===== Data for the task

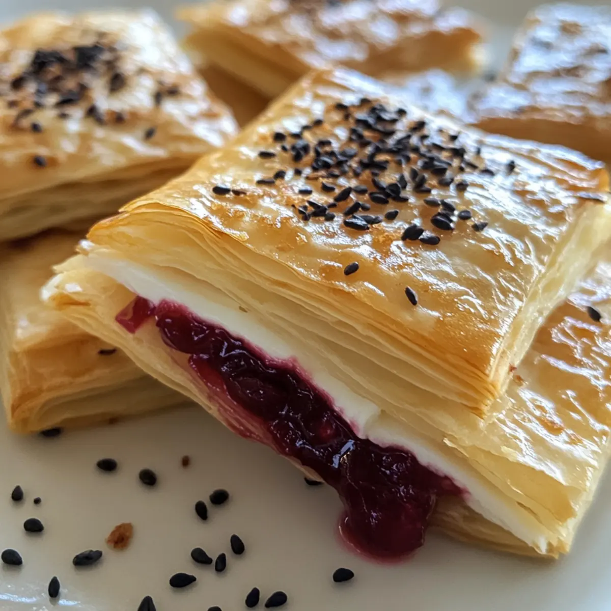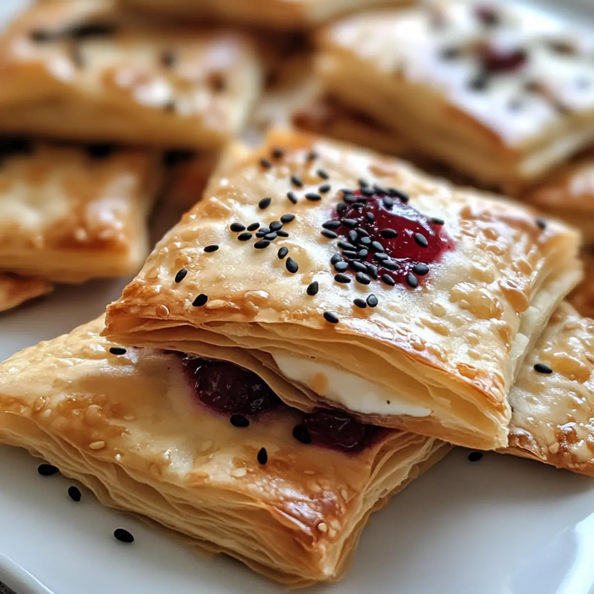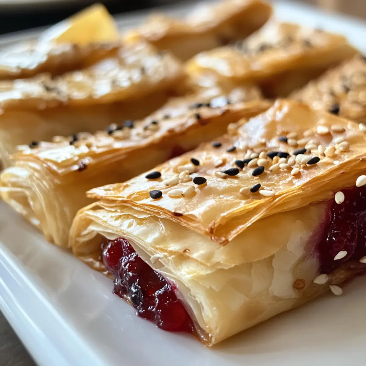 The first puff of warm, flaky pastry hitting the oven ignites memories of holiday gatherings where joy and comfort are in every bite. Let me introduce you to my festive Cranberry and Brie Filo Crackers, a delightful upgrade to traditional appetizers that will leave your guests raving. With buttery, delicate filo pastry hugging a melty slice of rich brie paired with sweet cranberry sauce, these bites promise to bring a burst of cheer to your entertaining. They’re quick to assemble, making them perfect for those last-minute holiday preparations, and they’re guaranteed to please your crowd, whether served warm from the oven or cool alongside a charcuterie board. Are you ready to elevate your holiday menu with these irresistible treats? Why Choose Cranberry and Brie Crackers? Irresistible Flavor: The harmony of creamy brie and sweet cranberry sauce creates a flavor explosion that will have everyone coming back for more. Quick Prep Time: Assemble these crackers in just minutes, giving you more time to enjoy the festivities and less time worrying about appetizers. Crowd-Pleasing Appeal: Perfect for holiday gatherings, they’re a hit with both adults and kids alike—watch them vanish from the table! Versatile Options: Feel free to customize with different cheeses or savory add-ins to suit your taste, making these crackers as unique as your holiday spirit. Elegant Presentation: These beautiful bites are not just tasty but also add a touch of sophistication to your entertaining spread—ideal alongside a Cranberry Orange Bundt or paired with Cookies Cream Cupcakes. Cranberry and Brie Filo Crackers Ingredients For the Crackers • Filo Pastry – This flaky pastry is the star of the show; make sure it is fully thawed before use for the best texture. • Butter – Adds a rich flavor and ensures a golden, crispy finish; substitute with olive oil for a dairy-free option. • Brie – The creamy heart of these crackers with a tangy kick; camembert works well if you’re looking for a change. • Cranberry Sauce – The perfect sweet element; feel free to use store-bought or your homemade version for a personal touch. For the Crunch • Flaked Almonds – Offers delightful crunch; walnuts or hazelnuts can be swapped in for a different flavor profile. • Black Sesame Seeds – Adds nutty notes and visual pop; poppy seeds can be a great alternate if you’re out of sesame. Celebrate the festive season with your homemade Cranberry and Brie Filo Crackers that are not only delicious but also memorable! Step‑by‑Step Instructions for Cranberry and Brie Filo Crackers Step 1: Prep the Pastry Begin by preheating your oven to 180°C (350°F). While the oven heats, line two baking trays with parchment paper to prevent the crackers from sticking. Ensure your filo pastry is fully thawed as this will help achieve the delicate, flaky texture that is essential for your Cranberry and Brie Filo Crackers. Step 2: Cut Filo Once ready, take the thawed filo sheets and place them on a clean, dry surface. Carefully cut the sheets into 36 square pieces by dividing each sheet into thirds, then cutting each third in half. This ensures that your pastry is perfectly sized for wrapping the delicious filling that you’ll create. Step 3: Assemble Now it’s time to assemble your crackers! Brush one filo square with melted butter, and at the end of the square, place a slice of creamy brie, followed by a teaspoon of cranberry sauce, and a sprinkle of flaked almonds. Gently roll the pastry away from you, sealing the ends tightly to prevent any filling from leaking out while baking. Step 4: Brush & Sprinkle Transfer the assembled crackers onto the prepared baking trays, ensuring they have space between them for even cooking. Brush the tops of the crackers with any remaining melted butter to enhance their golden color while baking. Next, sprinkle black sesame seeds over the tops for added flavor and visual appeal, making your Cranberry and Brie Filo Crackers irresistible! Step 5: Bake It’s time to bake! Place the trays in your preheated oven and let the crackers bake for 15-20 minutes. Keep an eye on them; they should turn a beautiful golden brown and emit a mouthwatering aroma. This bake time might vary slightly depending on your oven, so you may need to adjust as necessary for perfect results. Step 6: Serve Warm Once baked, remove your Cranberry and Brie Filo Crackers from the oven and allow them to cool for a few minutes before serving. For the best taste experience, enjoy them warm while the brie is still gooey and the outer layer is delightfully crispy. These festive treats are sure to be a hit at any gathering! Tips for the Best Cranberry and Brie Filo Crackers Thaw Properly: Ensure your filo pastry is completely thawed to prevent tearing; this is crucial for perfect Cranberry and Brie Filo Crackers. Watch Your Butter: Too much melted butter can make the pastry soggy; use just enough to coat without drenching. Seal Well: Pinch the ends tightly while rolling to avoid filling leaks during baking; a tight seal ensures crispy, neat crackers. Bake in Batches: Avoid overcrowding the trays; give each cracker space to expand and brown evenly for the best texture. Serve Immediately: For the ultimate experience, serve these crackers warm as soon as they come out of the oven—everyone loves gooey brie! Cranberry and Brie Filo Crackers Variations Feel free to let your creativity shine as you explore these delightful twists on the classic recipe! Cheese Swap: Substitute brie with creamy goat cheese or sharp cheddar for different flavor profiles. Each cheese brings a unique richness that ensures a memorable bite. Fruity Layer: Add a layer of apple or pear slices under the brie for a sweet, fruity crunch. This combination creates a refreshing contrast, elevating your crackers to a new level of deliciousness. Nutty Crunch: Experiment with pistachios or pecans instead of flaked almonds. The nutty notes will add an exciting twist and t
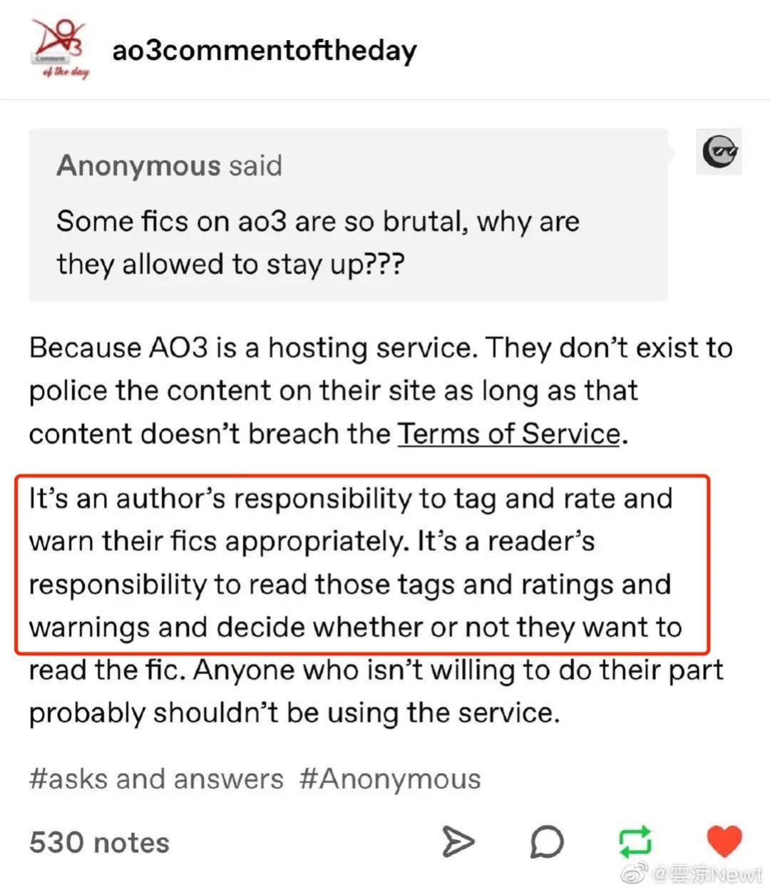 官方明确说明,作者有责任打标签预警,打了标签就意味着“读者后果自负”;而针对“敏感信息、不适合未成年的内容在大众平台传播” 的指责,其问题根本在于读者,而非作者。
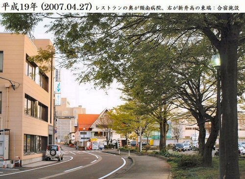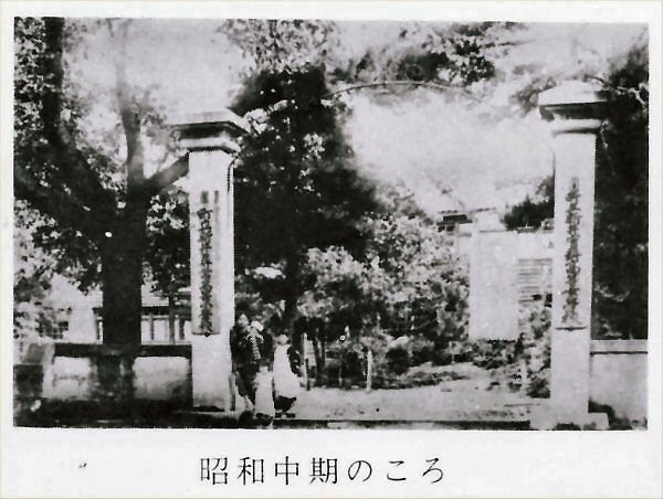 This is a photo taken before the war in Showa period (1926 – 1989 *CE). We see two signboards hung on the gateposts; one *reads “Arai Jinjo Higher Elementary School” and another does “Arai Jinjo Higher Women’s School”. Yoshy who was born after the war clearly remember the cherry tree beside the left gatepost. There were about *ten-odd ones toward Kin-ken Center which were in full bloom every spring.
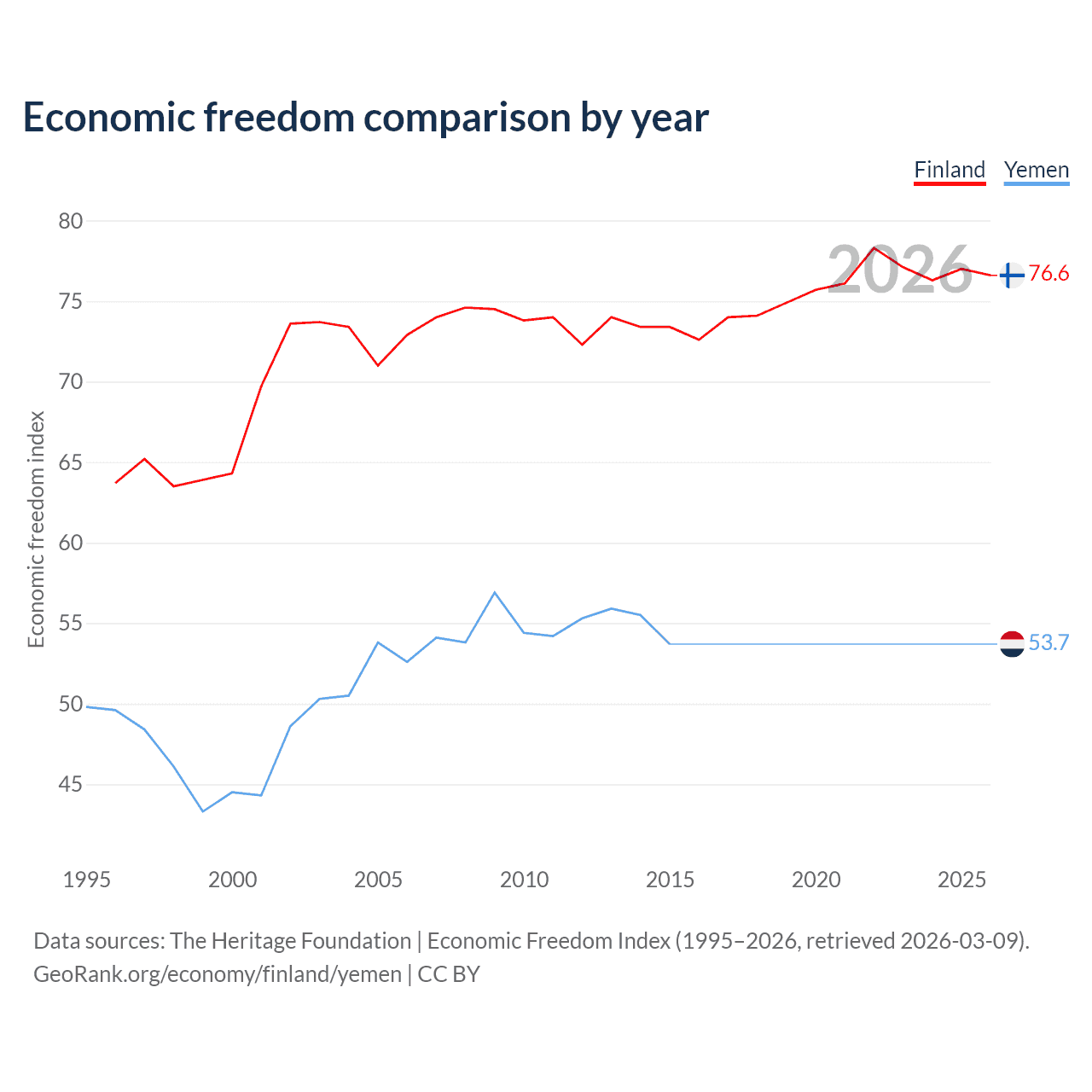 The Economic Freedom Index for Finland is 76.6, ranking 15/197, compared to 53.7 for Yemen, ranking 138/197. The chart above displays a comparison of annual changes in economic freedom indexes.
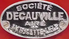 Decauville (French: [dəkovil]) was a manufacturing company which was founded by Paul Decauville (1846–1922), a French pioneer in industrial railways. Decauville's major innovation was the use of ready-made sections of light, narrow gauge track fastened to steel sleepers; this track was portable and could be disassembled and transported very easily.

==========

◆ Task to complete ◆
Copy the records above exactly, omitting every picture.

◆ Answer to this task ◆
 The first puff of warm, flaky pastry hitting the oven ignites memories of holiday gatherings where joy and comfort are in every bite. Let me introduce you to my festive Cranberry and Brie Filo Crackers, a delightful upgrade to traditional appetizers that will leave your guests raving. With buttery, delicate filo pastry hugging a melty slice of rich brie paired with sweet cranberry sauce, these bites promise to bring a burst of cheer to your entertaining. They’re quick to assemble, making them perfect for those last-minute holiday preparations, and they’re guaranteed to please your crowd, whether served warm from the oven or cool alongside a charcuterie board. Are you ready to elevate your holiday menu with these irresistible treats? Why Choose Cranberry and Brie Crackers? Irresistible Flavor: The harmony of creamy brie and sweet cranberry sauce creates a flavor explosion that will have everyone coming back for more. Quick Prep Time: Assemble these crackers in just minutes, giving you more time to enjoy the festivities and less time worrying about appetizers. Crowd-Pleasing Appeal: Perfect for holiday gatherings, they’re a hit with both adults and kids alike—watch them vanish from the table! Versatile Options: Feel free to customize with different cheeses or savory add-ins to suit your taste, making these crackers as unique as your holiday spirit. Elegant Presentation: These beautiful bites are not just tasty but also add a touch of sophistication to your entertaining spread—ideal alongside a Cranberry Orange Bundt or paired with Cookies Cream Cupcakes. Cranberry and Brie Filo Crackers Ingredients For the Crackers • Filo Pastry – This flaky pastry is the star of the show; make sure it is fully thawed before use for the best texture. • Butter – Adds a rich flavor and ensures a golden, crispy finish; substitute with olive oil for a dairy-free option. • Brie – The creamy heart of these crackers with a tangy kick; camembert works well if you’re looking for a change. • Cranberry Sauce – The perfect sweet element; feel free to use store-bought or your homemade version for a personal touch. For the Crunch • Flaked Almonds – Offers delightful crunch; walnuts or hazelnuts can be swapped in for a different flavor profile. • Black Sesame Seeds – Adds nutty notes and visual pop; poppy seeds can be a great alternate if you’re out of sesame. Celebrate the festive season with your homemade Cranberry and Brie Filo Crackers that are not only delicious but also memorable! Step‑by‑Step Instructions for Cranberry and Brie Filo Crackers Step 1: Prep the Pastry Begin by preheating your oven to 180°C (350°F). While the oven heats, line two baking trays with parchment paper to prevent the crackers from sticking. Ensure your filo pastry is fully thawed as this will help achieve the delicate, flaky texture that is essential for your Cranberry and Brie Filo Crackers. Step 2: Cut Filo Once ready, take the thawed filo sheets and place them on a clean, dry surface. Carefully cut the sheets into 36 square pieces by dividing each sheet into thirds, then cutting each third in half. This ensures that your pastry is perfectly sized for wrapping the delicious filling that you’ll create. Step 3: Assemble Now it’s time to assemble your crackers! Brush one filo square with melted butter, and at the end of the square, place a slice of creamy brie, followed by a teaspoon of cranberry sauce, and a sprinkle of flaked almonds. Gently roll the pastry away from you, sealing the ends tightly to prevent any filling from leaking out while baking. Step 4: Brush & Sprinkle Transfer the assembled crackers onto the prepared baking trays, ensuring they have space between them for even cooking. Brush the tops of the crackers with any remaining melted butter to enhance their golden color while baking. Next, sprinkle black sesame seeds over the tops for added flavor and visual appeal, making your Cranberry and Brie Filo Crackers irresistible! Step 5: Bake It’s time to bake! Place the trays in your preheated oven and let the crackers bake for 15-20 minutes. Keep an eye on them; they should turn a beautiful golden brown and emit a mouthwatering aroma. This bake time might vary slightly depending on your oven, so you may need to adjust as necessary for perfect results. Step 6: Serve Warm Once baked, remove your Cranberry and Brie Filo Crackers from the oven and allow them to cool for a few minutes before serving. For the best taste experience, enjoy them warm while the brie is still gooey and the outer layer is delightfully crispy. These festive treats are sure to be a hit at any gathering! Tips for the Best Cranberry and Brie Filo Crackers Thaw Properly: Ensure your filo pastry is completely thawed to prevent tearing; this is crucial for perfect Cranberry and Brie Filo Crackers. Watch Your Butter: Too much melted butter can make the pastry soggy; use just enough to coat without drenching. Seal Well: Pinch the ends tightly while rolling to avoid filling leaks during baking; a tight seal ensures crispy, neat crackers. Bake in Batches: Avoid overcrowding the trays; give each cracker space to expand and brown evenly for the best texture. Serve Immediately: For the ultimate experience, serve these crackers warm as soon as they come out of the oven—everyone loves gooey brie! Cranberry and Brie Filo Crackers Variations Feel free to let your creativity shine as you explore these delightful twists on the classic recipe! Cheese Swap: Substitute brie with creamy goat cheese or sharp cheddar for different flavor profiles. Each cheese brings a unique richness that ensures a memorable bite. Fruity Layer: Add a layer of apple or pear slices under the brie for a sweet, fruity crunch. This combination creates a refreshing contrast, elevating your crackers to a new level of deliciousness. Nutty Crunch: Experiment with pistachios or pecans instead of flaked almonds. The nutty notes will add an exciting twist and t
 官方明确说明,作者有责任打标签预警,打了标签就意味着“读者后果自负”;而针对“敏感信息、不适合未成年的内容在大众平台传播” 的指责,其问题根本在于读者,而非作者。
 This is a photo taken before the war in Showa period (1926 – 1989 *CE). We see two signboards hung on the gateposts; one *reads “Arai Jinjo Higher Elementary School” and another does “Arai Jinjo Higher Women’s School”. Yoshy who was born after the war clearly remember the cherry tree beside the left gatepost. There were about *ten-odd ones toward Kin-ken Center which were in full bloom every spring.
 The Economic Freedom Index for Finland is 76.6, ranking 15/197, compared to 53.7 for Yemen, ranking 138/197. The chart above displays a comparison of annual changes in economic freedom indexes.
 Decauville (French: [dəkovil]) was a manufacturing company which was founded by Paul Decauville (1846–1922), a French pioneer in industrial railways. Decauville's major innovation was the use of ready-made sections of light, narrow gauge track fastened to steel sleepers; this track was portable and could be disassembled and transported very easily.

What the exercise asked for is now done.